- _Try it_:
Nothing outside the lines below from the one containing "Към нарязаните на" through the one containing "cover with the" is to be printed; print those exactly, ends included, and drop the pictures.

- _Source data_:

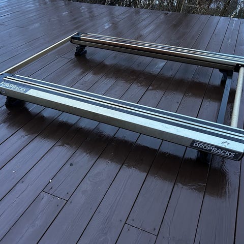 Droprack XL i bra stand og lite bruksmerker vurderes solgt pga lite bruk. Har kun vært brukt til demo/utstilling + en padletur. Passer store biler som varebiler og større SUV. Har vært brukt på Mercedes M-klasse men kan lett tilpasses andre biler ved å skifte fotsett til tak.
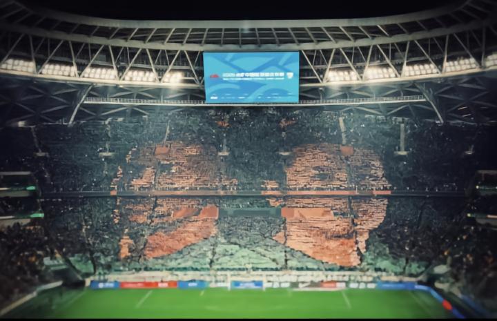 北京时间4月12日,北京国安坐镇主场对阵本轮的中超对手成都蓉城。在比赛开始前,工体现场展示张玉宁、法比奥巨型TIFO。
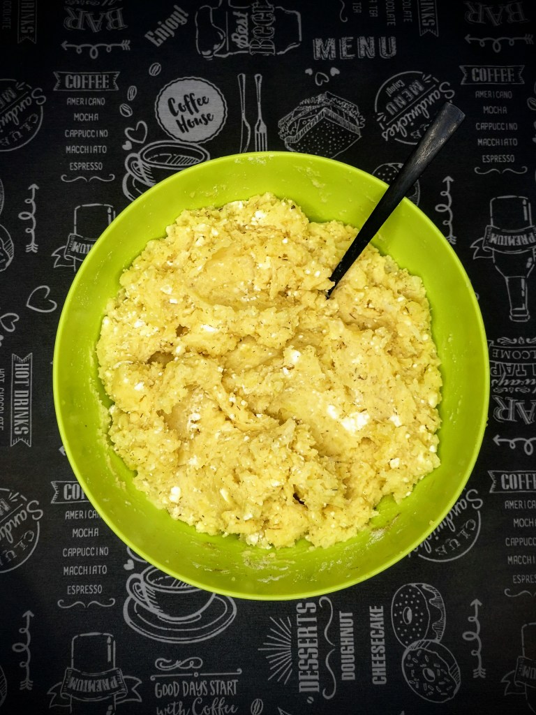 Към нарязаните на дребно патладжани добавете пресованите скилидки чесън, зехтина, сусамовия тахан, сока от лимона, кимиона, киселото мляко и овкусете със сол и черен пипер. Разбъркайте хубаво и ако предпочитате по-гладка консистенция- намачкайте сместа с преса.
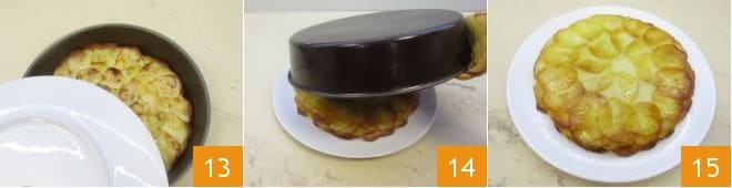 cover with the serving plate 13 and flip everything over 14; the Pommes Anna will be well caramelized on the surface 15, serve them hot!
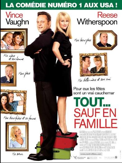 fatiques, etc... Cela commence plutôt bien : piquant et présentant un discours assez moderne voire provocateur pour une comédie américaine, « Tout... sauf en famille » laisse augurer quelques espoirs... ou pas. Car on se doute bien que tout ça ne va pas durer et ce petit monde rentrer dans le rang concernant les valeurs de la famille, même si on pouvait s'attendre à pire. C'est parfois bien lourd, mais plutôt rigolo par moments, notamment dans la façon de n'idéaliser personne, quitte à rendre de temps en temps nos deux héros (surtout lui) assez gonflants. On est presque dans le film à sketchs, mais il y a une relative cohérence d'ensemble, d'autant que Seth Gordon a le mérite de faire court. Que rajouter de plus, si ce n'est que malgré un aspect répétitif et un gros passage à vide venant alourdir la dimension conservatrice de l'œuvre (à noter toutefois une fin ayant le mérite de ne pas trop en rajouter), cela se regarde sans déplaisir, avec quelques bonnes idées et un sympathique défilé de stars « seniors » (Robert Duvall, Mary Steenburgen, Sissy Spacek, Jon Voight). Dispensable donc, mais pas insoutenable non plus. Désormais, on le sait tous, la comédie de Noël est un genre en soi aux USA. Celui-là est porté par un casting assez riche comprenant V. Vaughn, J. Favreau, R. Duvall ou encore R. Witherspoon. Au début, la présentation du couple est sympa, ce dernier essayant de vivre comme il l'entend, loin de tous les carcans et diktats que lui imposent notre société moderne. On comprend donc que cette vision va (hélas) évoluée. Il y a pas mal de scènes marrantes, des personnages plus ou moins mémorables et un discours sur le couple certes convenu et dans l'air du temps mais asséné sans trop de lourdeur. J'ai pas mal ri, je me suis parfois senti un peu en dehors du film mais dans l'ensemble, c'est assez respectable, grâce à l'abattage de V. Vaughn.
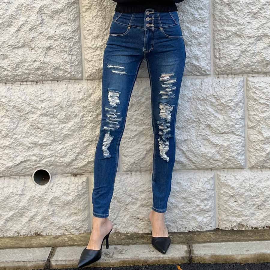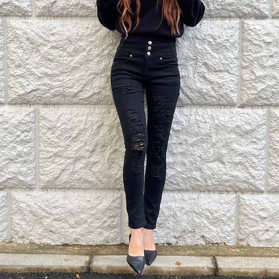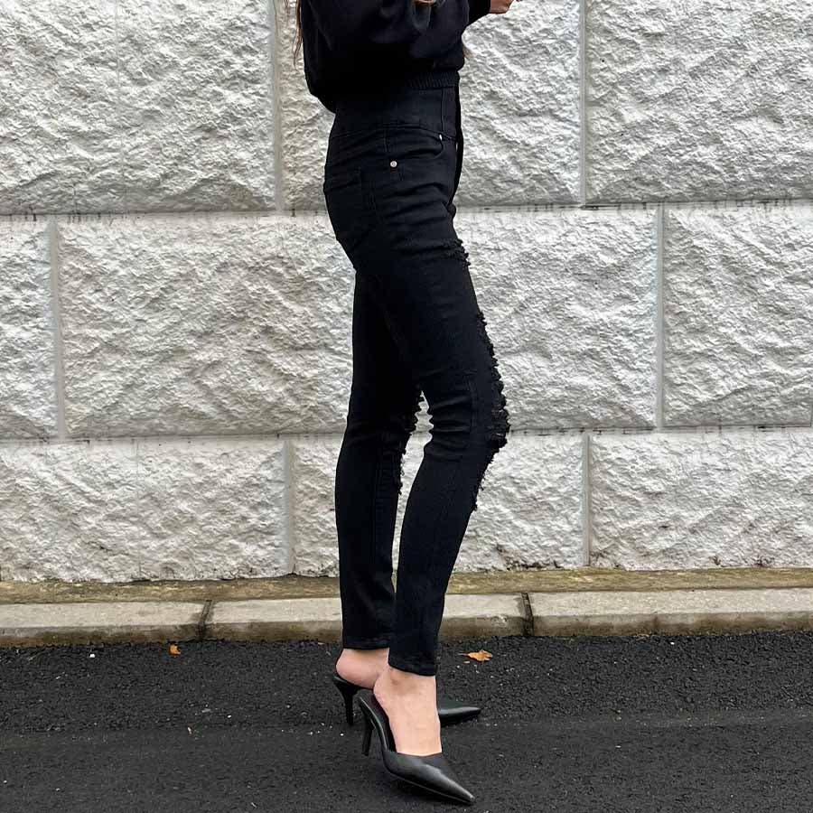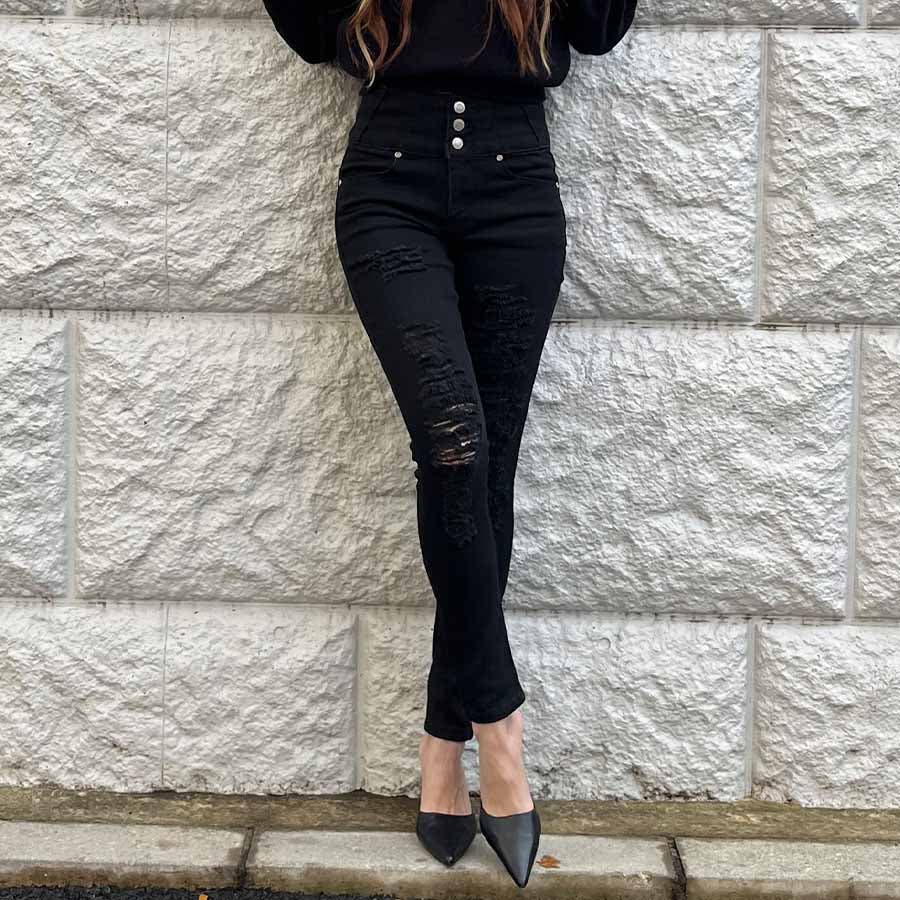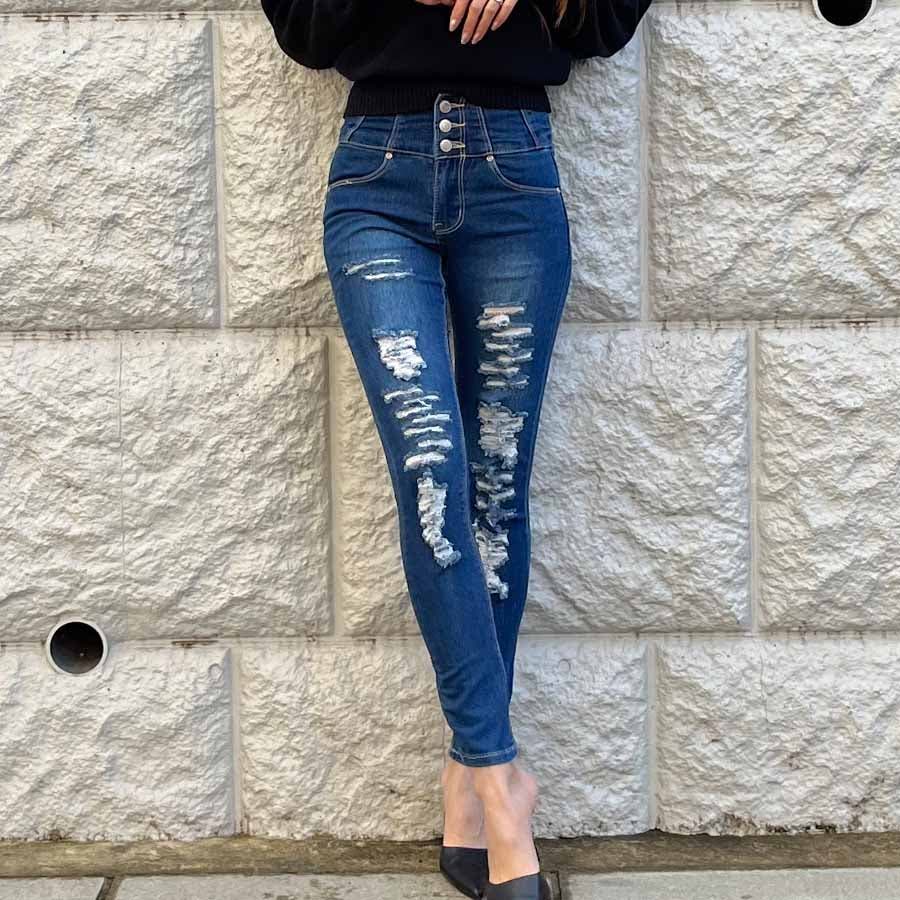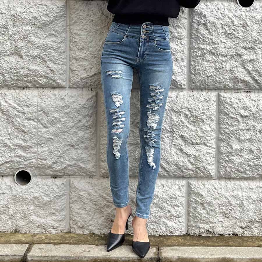 存在感あるダメージ加工がデザインポイントのハイウエストストレッチデニムスキニー!!
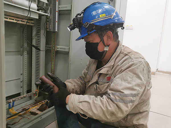 一線職工進(jìn)行故障錄波器配電柜防火封堵

- _Exercise response_:
 Към нарязаните на дребно патладжани добавете пресованите скилидки чесън, зехтина, сусамовия тахан, сока от лимона, кимиона, киселото мляко и овкусете със сол и черен пипер. Разбъркайте хубаво и ако предпочитате по-гладка консистенция- намачкайте сместа с преса.
 cover with the serving plate 13 and flip everything over 14; the Pommes Anna will be well caramelized on the surface 15, serve them hot!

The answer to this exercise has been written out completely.